Predictive Market
  
The theory goes that large groups are smarter than any individual. Meanwhile, an overlapping theory proposes that markets act to aggregate information.
It works like this:
Everyone knows a little something about how much pork bellies should cost. Even if you just buy bacon down at the Piggly Wiggly, you know something. All these people with at least a little knowledge get together in the commodity market, setting bids and asks based on their individual knowledge of the supply and demand...and whammo, the market integrates all the information into a single price. Meanwhile, as new information comes in (farm reports, news flashes about a zombie-like plague affecting pigs in Kentucky, etc.), prices change in reaction to the new data.
A predictive market takes that hive-mind, price-finding concept to non-financial predictions. Want to know who will win the upcoming presidential nomination? How about the next NBA championship? You could read half-cocked opinions on Twitter. You could check betting odds in Vegas. Or you could turn to a predictive market.

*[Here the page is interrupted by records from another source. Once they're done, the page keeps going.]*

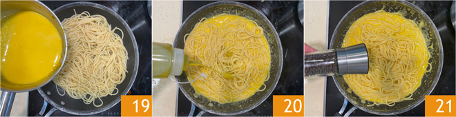 Escorra a massa um minuto antes do final do tempo de cozimento e transfira-a para uma frigideira grande com um pouco de água do cozimento, depois adicione o creme de abóbora e taleggio 19 e misture bem para incorporar. Finalmente, misture com um fio de azeite 20 e uma pitada de pimenta 21.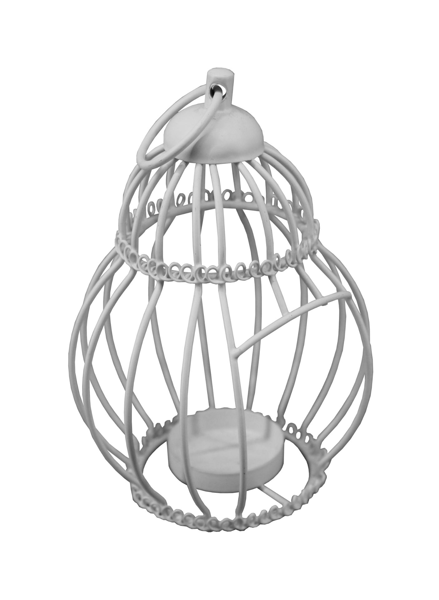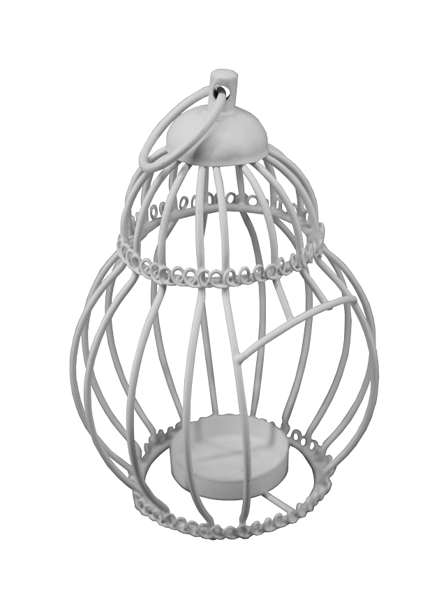 White, wire, hanging birdcage tea light holder.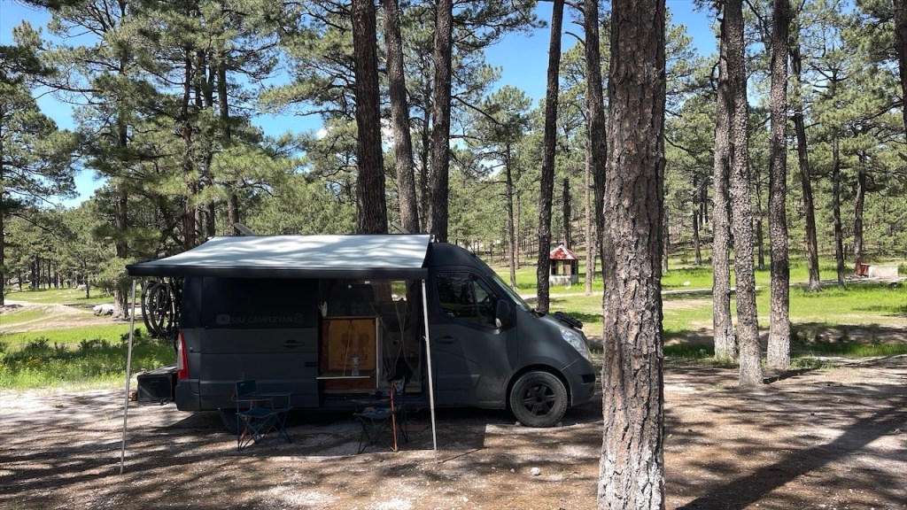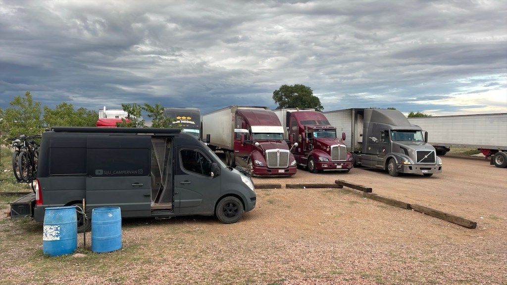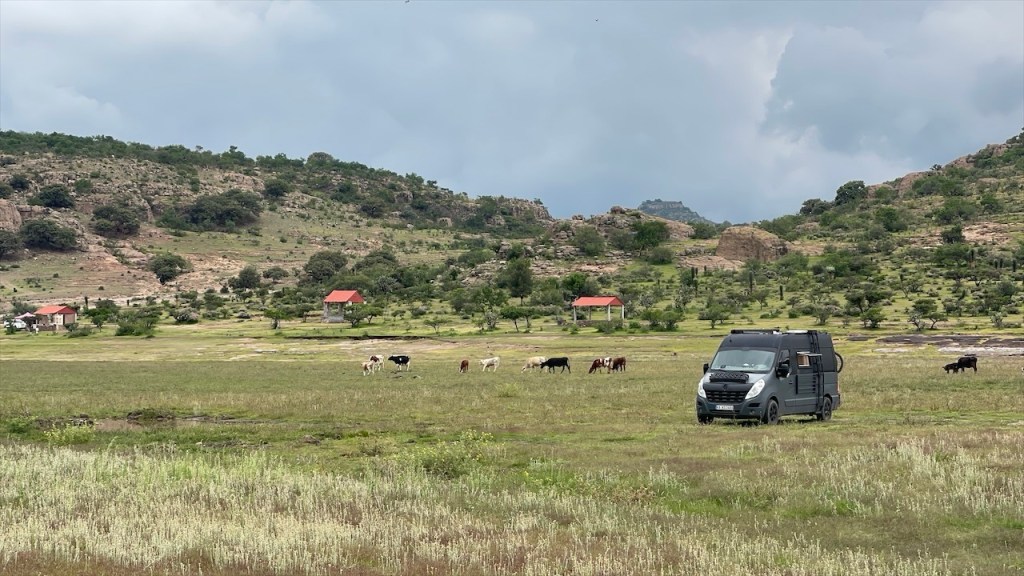Am Mittag machten wir uns auf den Rückweg in die Großstadt Cuauhtémoc, vorbei an Creel, der Endstation des El Chepe Train. Kaum hatten wir uns wieder auf den Weg durch die von Holzwirtschaft und die Anwesenheit der Tarahumara geprägte Landschaft gemacht, zog der Himmel erneut zu und dicke Tropfen begannen vom Himmel zu fallen. 💧 Es gelang uns gerade noch rechtzeitig die nötigen organisatorischen Dinge, wie beispielsweise Brauchwasser auffüllen und das Port-A-Potti leeren, zu erledigen.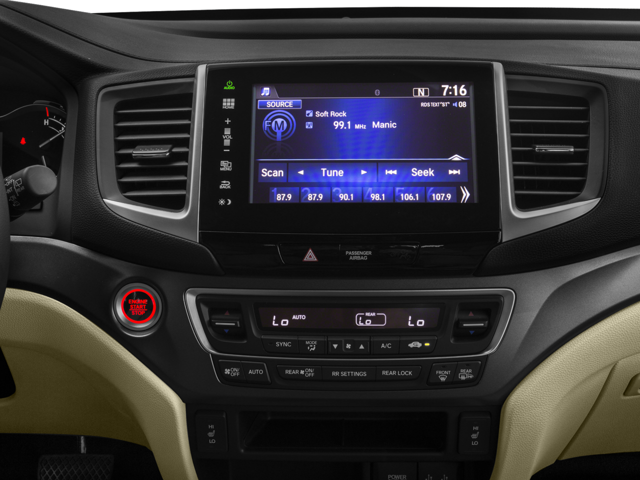 - Radio: AM/FM Audio System -inc: 225-Watt, 7 speakers including subwoofer, Bluetooth® HandsFreeLink, Bluetooth® streaming audio, MP3/auxiliary input jack, MP3/Windows Media Audio (WMA) playback capability, Radio Data System (RDS), Speed-Sensitive Volume Control (SVC), USB audio interface w/1.5-Amp and 2.5-Amp charging ports in front and 2.5-Amp charging port in center console, 8" display audio w/high-resolution WVGA (800x480) electrostatic touch-screen and customizable feature settings, HondaLink Next Generation, SMS text message function, Pandora compatibility and Song By Voice (SBV)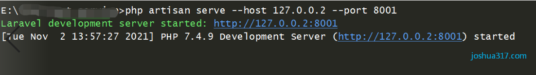php artisan serve --host 127.0.0.2 --port 8001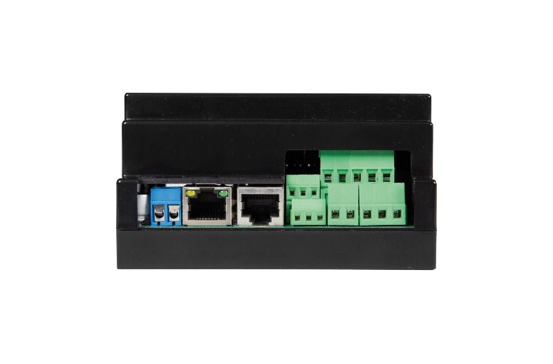 - Siyah ABS mahfazanın ön tarafı, bağlantı olanaklarına kısa bir genel bakış sunarken, arka tarafı, yaygın olarak bulunan standart DIN raylarına kolay montaj sağlayan bir yaylı montaj mekanizması ile donatılmıştır. Bu şekilde, isteğe bağlı PSD24x güç kaynağı kullanılarak çalıştırılabileceği herhangi bir elektrik kabinine kolayca entegre edilmesi mümkündür.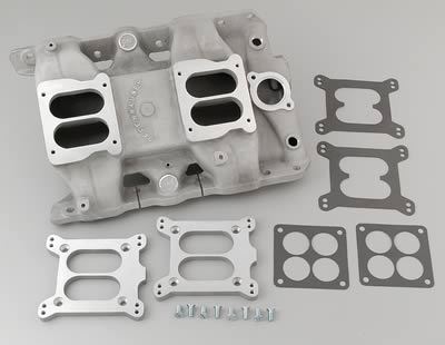 jeep_man_401 I am running the same intake on my Jeep with 2 X 600 Eldbrocks. I have some spacers I used before, but they were for going to a spreadbore pattern. The spaces in the pic should have cam with the intake. Mr. Gasket makes all sorts of spacers and adaptors. But I would shy away from short adaptors (like I had) as the mess with the intake flow.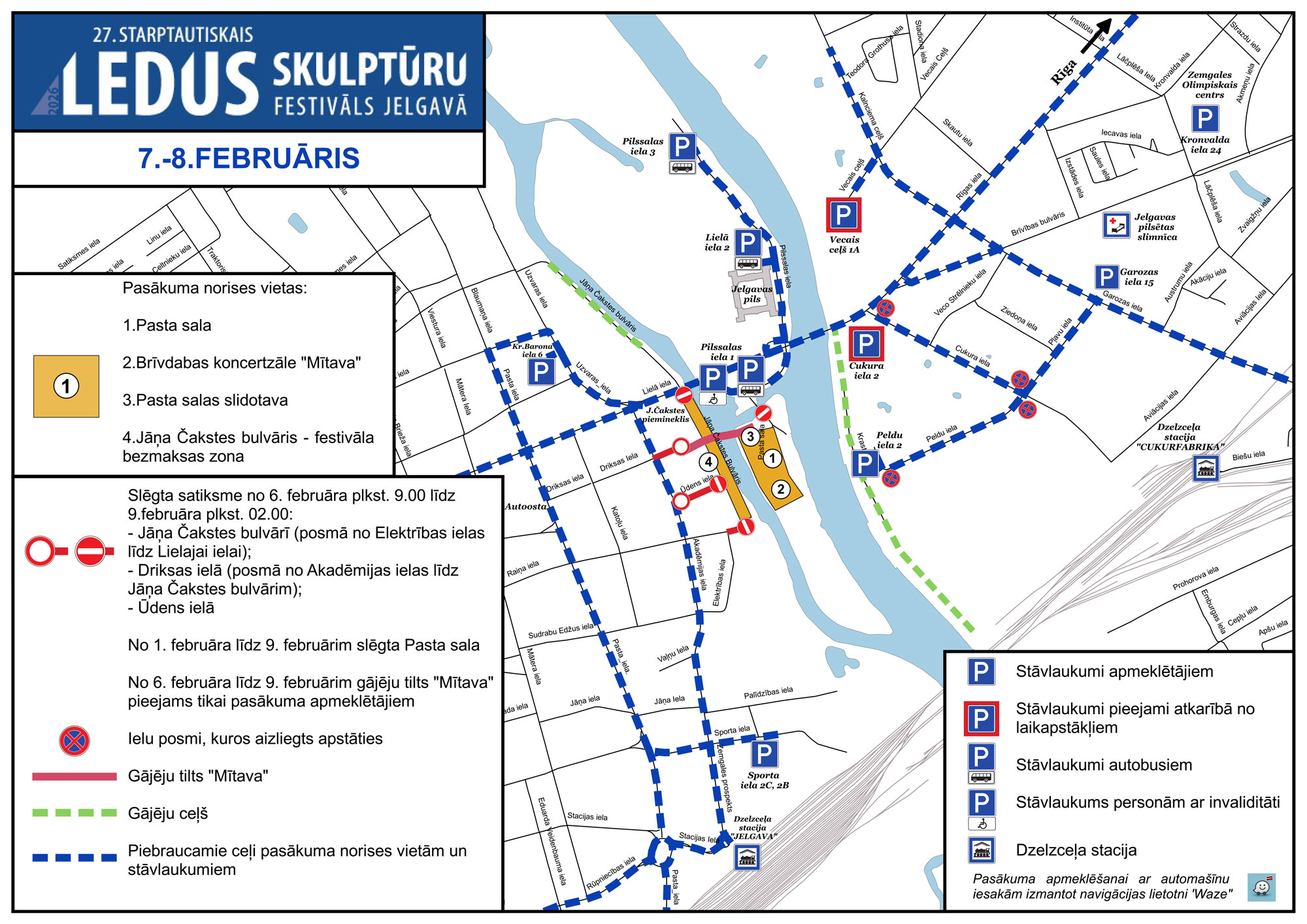 Ņem vērā! Festivāla laikā – 7. un 8. februārī – pilsētā iespējama paaugstināta satiksmes intensitāte. Jelgavas pašvaldība festivāla laikā sadarbosies ar navigācijas lietotni “Waze”, kurā ikvienam būs pieejama karte ar iezīmētiem stāvlaukumiem un satiksmes ierobežojumiem. Autovadītāji tiešsaistē reāllaikā varēs saņemt satiksmes informāciju, kas palīdzēs plānot maršrutu.

On the market, various outcomes will trade like stocks in the financial market. So...you can "buy" shares in "Golden State Warriors win NBA finals"...essentially futures contracts for that particular outcome. People then buy and sell those future bets on a market place. Rising prices for that outcome indicate that market participants think it is becoming more likely. Falling prices suggest chances are becoming more remote.